When Good People Think Positive Thoughts about Very Bad Situations

Post Durban, a young Canadian member of parliament, Justin Trudeau (whose father was a very colourful prime minister in his day), made the news this week by swearing at Canada's minister of the environment — right in the House of Commons! (Woke a few people up, I'm betting.) His outburst has created quite the commotion in this "I apologize if you step on my toes" country of ours.

To be fair, our environment minister IS a hypocrite of the first degree when it comes to the climate change emergency. Peter Kent, when he worked for the Canadian Broadcasting Company (CBC), researched, wrote, directed and narrated a 1984 hour-long documentary entitled The Greenhouse Effect and Planet Earth. (Watch it here.) To wit, here's the show's description:
There's weather, and then there's climate. Weather patterns come and go, but forecasting has become much more accurate through improved meteorological techniques. Climate change is harder to predict. But, as the CBC's Peter Kent shows in this 1984 documentary, it's happening. Carbon dioxide levels in the Earth's atmosphere have been steadily rising, and by the year 2050 the average global temperature may rise by five degrees Celsius due to the greenhouse effect.
So, if Kent knew all that back in the mid 1980s and, after recently becoming Canada's Environment Minister, embarrassed us all at the climate change talks in Durban, then it would be quite fair to call him a hypocrite. Mr. Trudeau simply expressed it a different way, that's all.

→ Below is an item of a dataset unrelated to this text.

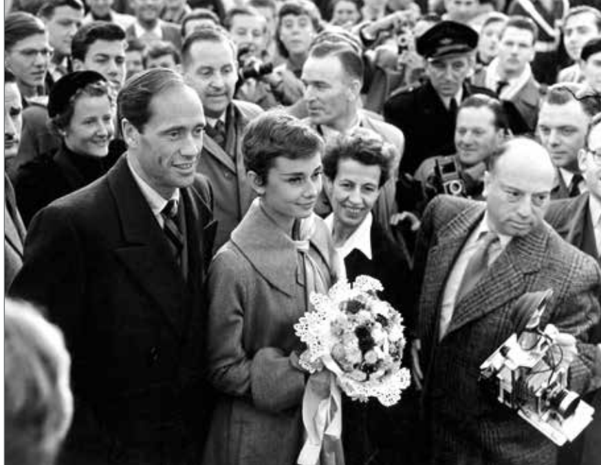
Sosind la o altă premieră, undeva în Europa

Pundits have been asking (here and here ... but do come back, okay?) when we're going to start following suit. When is our sense of outrage going to boil over?

But I have to ask: What sense of outrage is that? I was at a Christmas party the other night and stayed late to talk with four women that I like and respect a lot. One knew nothing about climate change, one knows a lot and stayed quiet, and two talked about the importance of positive thoughts, even in the context of global warming.

Positive thoughts? POSITIVE THOUGHTS? I was having negative thoughts just thinking about positive thoughts!! How are positive thoughts going to safeguard the future for the children? Since it was a Christmas celebration, I too stayed quiet. Since then, I've been trying to figure out if they're onto something. But I think this is what I've decided:

If a child runs out in front of a car, it is not a negative thought to run after them. If someone is having a heart attack, it is not a negative thought to call for an ambulance and perform CPR. If 1% of the world's population is ruining the future for all life on Earth, it is not a negative thought to call them on it and try to correct the situation. I mean, what is the "positive thought" about the end of life on our beautiful, precious planet? And how can thinking positive thoughts change anything?

Maybe I'm a quantum physics illiterate (it's always struck me as a cop out, or selfish and self-absorbed somehow), but with 1% trying to suck every last drop of fossil fuel out of the ground and burn it up for profit, and most of the 99% either struggling to get by or watching TV to avoid the pain of the spiritual emptiness they feel, that doesn't leave very many of us to EXPRESS OUTRAGE!!!!

In other words, I'm with Justin Trudeau. If we don't start calling a spade a spade, and a piece of sh!t a piece of sh!t (that's Anglo-Saxon for hypocrite), then we will never garner enough outrage, political will or even interest in the climate change emergency.

So, yeah, I've decided that being real, feeling real, expressing real is more important than being nice and thinking positive thoughts (I've equated those two: nice and positive; if you can explain the distinction to me, I'd love to hear it).

My compassion is reserved for the children, and for those who are sick or on the streets or caring for others while working two jobs. The rest of us should be learning all about the climate change emergency and GETTING REALLY MAD!

p.s. We lost a giant this weekend. Vaclav Havel died in the Czech Republic. I'll leave you with one of his quotes. Though it might seem to contradict what I've just written, it doesn't. Lies and hatred can be concealed by niceness, while truth and love can come out in righteous anger.
Vaclav Havel: "Truth and love must prevail over lies and hatred."